Йер выдохнула и зажмурилась. Чем больше она думала об этом и чем больше Орья говорила, чем отчетливей Йерсена ощущала, что ситуация гораздо хуже, чем подумалось сперва.

— Та травяная дрянь, какую пьют, чтобы не понести. Ты думала вообще, что будет, если понесешь?

— Не понесу, — небрежно отмахнулась та. — Не с одного же раза. И какая теперь разница? Мы ведь поженимся.

— Он так тебе сказал? И разве вы теперь на этом одном разе остановитесь?

— Какая разница! — с нажимом повторила Орья. — Он будет моим мужем. Даже если понесу — то только к лучшему.

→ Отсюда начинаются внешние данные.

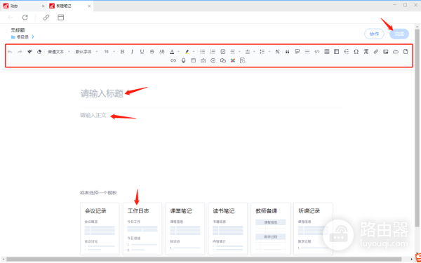 3、进入超星学习通的笔记创作界面后,我们可以依次写入笔记主题、正文;除此之外,我们还可以直接套用模板,或是利用工具,丰富自己的笔记形式。

— Ты дура? — не сдержалась Йер. И тут же пожалела, только прикусить язык уж было поздно. — Если Йергерт в этот самый миг не договаривается о том, чтобы посвататься, то вышло ровно то, о чем я и предупреждала. Что он обращается с тобой как и с любой безродной девкой до тебя.

— Что ты несешь?! — Орьяна подскочила и смотрела теперь сверху вниз, нависнув и пылая яростью. — Всегда, все годы Йергерт звал тебя поганой еретичкой и считал, что все нутро твое гнилое, как у остальных еретиков. И он был прав: ты так завидуешь, так бесишься, что кто-то может выбрать быть счастливым в жизни, что готова отравить самый счастливый миг. Но это ведь с тобой бы обошлись как раз как ты и говоришь, случись такому быть. С тобой, а не со мной!

Въедливый крик внезапно отрезвил Йерсену. Она сжала губы и прошила Орью взглядом.

— Все-таки ты дура, — с призрачным, обманчивым спокойствием произнесла она.

И про себя добавила: “А Йергерту я яйца оторву”.

* * *

— Йергерт!

Прозвучало непривычно до того, что он невольно вздрогнул — он с трудом припоминал, чтобы Йерсена называла его имя. Словно брезговала. А уж чтобы ей случилось его звать — как будто бы впервые.

Потому-то ее голос, как всегда глухой и тихий, не желающий звучать, ударил ушам. Ей никогда не петь и не перекричать толпу, но в гулкой пустоте длинного коридора, ее было слышно четко — равно как и яростную злость, звенящую на каждой ноте.

Йергерту хватило взгляда, чтоб понять: Орьяна рассказала.

Йер, сжимающая челюсти, чеканила шаги, пока не оказалась точно перед ним. Уставилась в глаза со всей пронзительностью, что он не переносил.

Без всяких слов понятно было: она в бешенстве.

Он даже не заметил, как рука коснулась рукояти. Девка перед ним была ему по плечи, вдвое уже и по-прежнему никто — послушница без всяческой родни, чтоб заступиться. Йергерт это знал, но только все равно напрягся, будто не был братом Ордена. Он знал — ее не сдержит его плащ и правила в уставе, потому он весь напрягся и безмолвно ждал.

— Орьяна утверждает, будто вы с ней обязательно поженитесь, — стараясь сдерживать себя, проговорила она четко и раздельно, будто косточки выплевывала по одной. — Ты правда на ней женишься?

— Я отчитаться должен?

Йергерт силился не показать ей удивления, но знал: сошло бы перед кем другим, но эта — видит, понимает. И от этого только сильнее злится:

— Возьмешь ты ее в жены или нет?!

Им очень повезло, что голос ее был глухим и неполетным, а не то весь замок бы услышал, что ее волнует, и что Йергерт с Орьей сотворили.

— Да с чего? — он все пытался делать вид, что сам не удивлен и что он здесь хозяин положения. — Она мне не невеста, да и кто бы ее за меня отда…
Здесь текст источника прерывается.